This page last changed on Jul 02, 2008 by rtinker.

In a busy classroom that uses computer-based materials, it is hard for a teacher to distinguish between a student who is learning intently by exploring a model or experiment and one who is just going through the motions or is confused. Outwardly, these two students look similar, but one needs attention. As our computer-based materials get more sophisticated, it is increasingly difficult for teachers to play an active role in running a class. Introducing computers should not generate a barrier for teachers. Computer technology should make it even easier for teachers to do what they do best: facilitating learning.

Research based on non-computer classrooms shows that teachers who frequently determine what students are thinking and act on that information are better teachers and their students do better. Professional development that focusses teachers on what students are learning invariably result in student gains. If the students are running smart software that reports their progress, it should be possible to give teachers even better information that ever. They should be able to tell where every student is in an activity. More importantly, the software should be able to provide clues about what each student is learning, what difficulties they have, and what they might be ready to learn next.

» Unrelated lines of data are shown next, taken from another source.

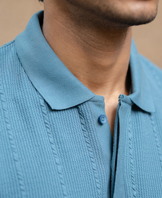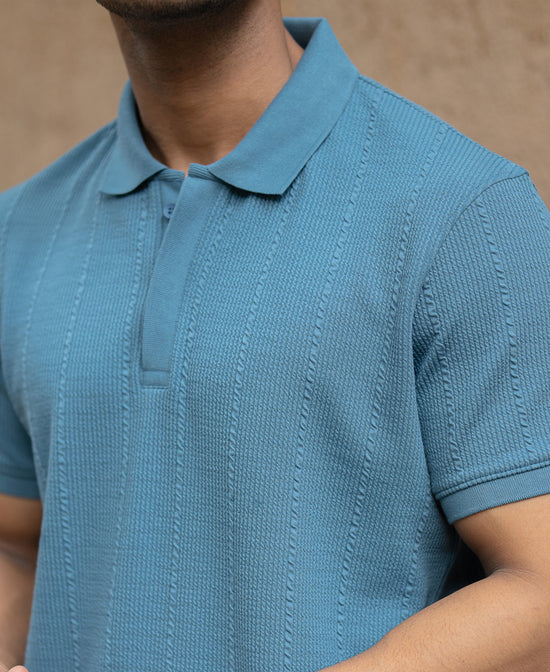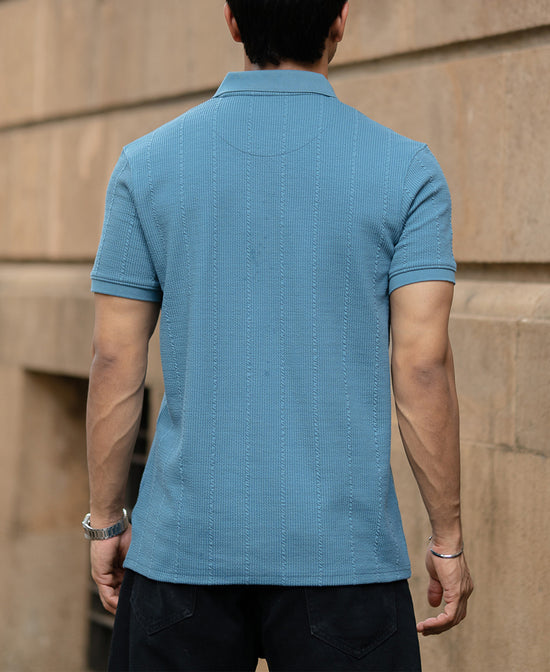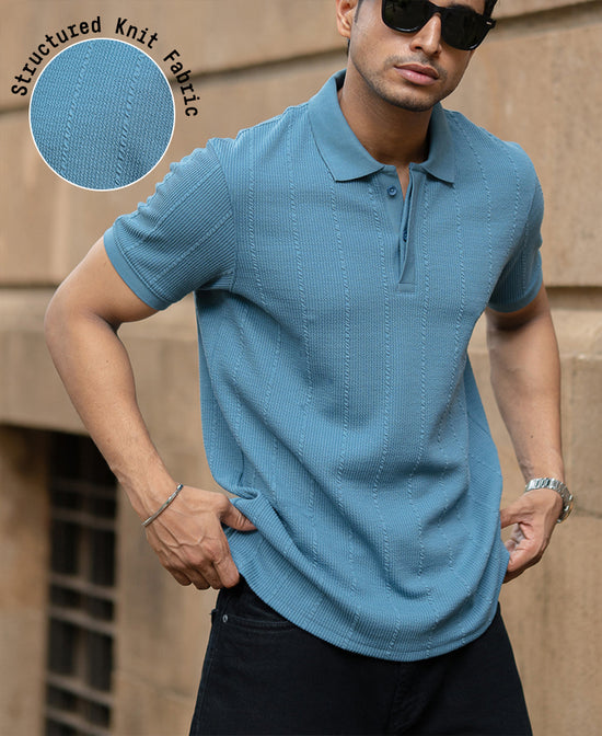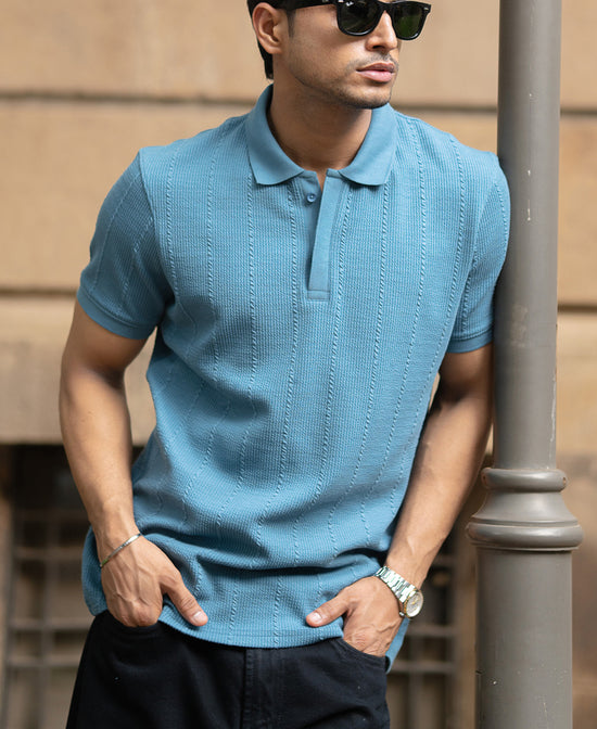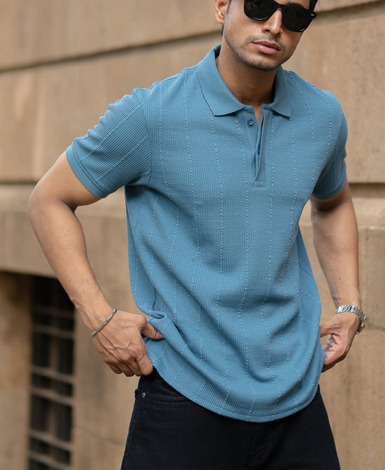 Structure in look, softness in feel. This deep blue polo has a clean, uniform vibe that makes it perfect for daily dressing—but the real flex is in its textured knit. It adds dimension without "you" seeking the attention. Minimal, versatile, and best worn on repeat.
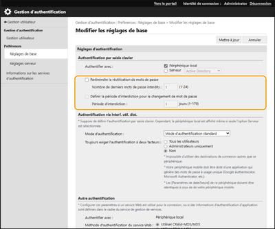 Vous pouvez désormais interdire l’utilisation d’un mot de passe qui a déjà été utilisé, lorsque les utilisateurs changent leur mot de passe. Cochez la case [Restreindre la réutilisation de mots de passe], et configurez le compte de l’historique des mots de passe en fonction de ce paramètre.
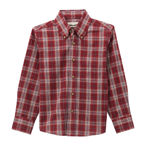 WranglerStyle # 112369630 This Wrangler boy's shirt features a cranberry and multicolor plaid pattern with long sleeves and a button-down front. Designed i...
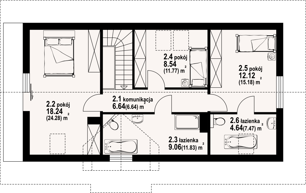 Powierzchnia całkowita poddasza:77,17 m²
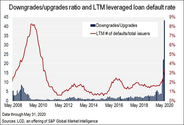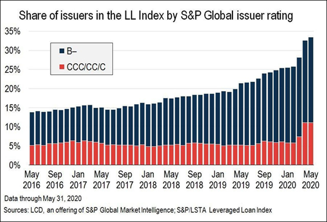 On the following images, we can see the impact of the quarantine measures: the record speed of downgrades by rating agencies, corporate debt almost in 50% in Q1 2020, whilst debt quality decreases (thus, we could see a rise in defaults). According to SP Global, the downgrades that have come are predominantly at the lower end of the rating spectrum, changing the composition of the B- cohort significantly.
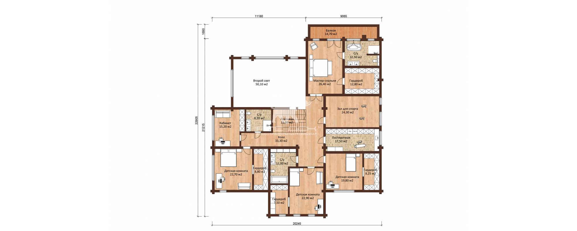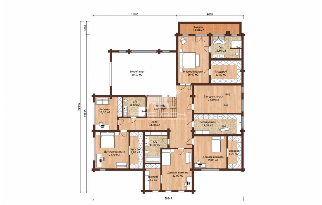 • Стеновой комплект из клееного бруса: 180(В)*200(Толщина) мм, (по ТУ, раскрой по проекту)
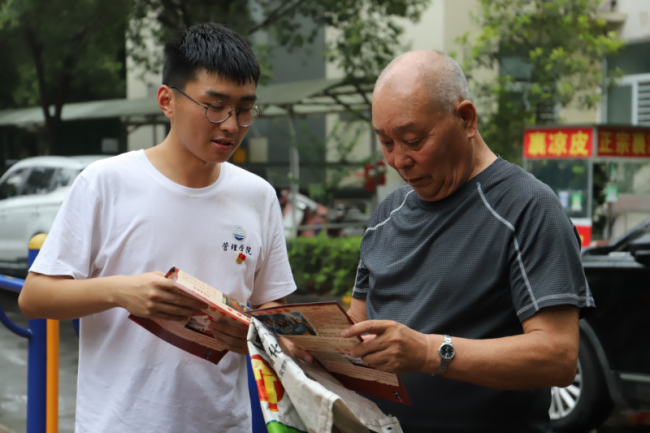 7月12日至18日,宣讲团深入驻马店、周口、郑州、南阳、新乡、中牟等地,奔赴养老院、幼儿园、党员家庭、村庄街道社区及红色教育基地,发放宣传手册和调查问卷,宣传党史知识,帮助人们了解党的发展历程,传播红色精神。

Commercial systems are now available that tell where a student is, but what is lacking is any feedback about student thinking and learning. LOOPS will address this absence by providing teachers with timely feedback that provides insights into student learning and gives teachers instructional options that are data-driven.

The project will put teachers squarely in feedback LOOPS based on a variety of data streams that inform their choices of assessments, actions, and curriculum customizations. These feedback loops will be classroom-tested with materials focused on eighth grade physical science standards. The principles derived from this research will inform design of new materials and supporting technologies.

Specifically, LOOPS will:

  • Develop LOOPS technology. This project will develop software that unobtrusively monitors student choices and actions while they are engaged in inquiry using probes and models. These data, plus data from student assessments, teacher goals, and science standards, will be summarized for teachers to give a detailed picture of student progress. Teachers will use these data to inform instructional decisions.
  • Integrate technology with existing materials. LOOPS will develop two curriculum units that are integrated with this technology: Force and Motion and Chemical Reactions. These will match the 8th grade California content and inquiry standards, representing about 50% of the science required for that year. To develop materials, LOOPS will substantially re-configure classroom-tested activities from prior NSF-funded projects.
  • Study inquiry learning. The project will work closely with three teacher-developers from low-income districts who will test the approach in 15 classes during the first three years. Project research will expand to include at least 14 additional teachers and 1,500 students including low-income districts supported by North Carolina Central University by year five. We will also study teachers who spontaneously adopt the materials, available online. Project research will characterize the information teachers want, how teachers use information provided in four distinct time frames, the kinds of data-driven changes they make, and the impact of the changes on students' knowledge integration and inquiry skills.
  • Develop professional development strategies. The project will study teacher trajectories using LOOPS technology, starting with the three teacher-developers. We will assess beliefs, knowledge required for effective enactments, and changing practices over two to four
    years of using LOOPS. These findings will shape the design of teacher workshops and online mentoring that will be used and tested in the expansion stages.
  • Disseminate the materials and approach. To stimulate implementation and further research and development, the materials and teacher resources needed to implement the project will be available electronically. The software will be open source and the learning materi-
    als released under the Creative Commons license. Reports, articles, and presentations will reach all relevant educators. Business experts will participate in the project to help ensure commercialization potential that could lead to wide distribution.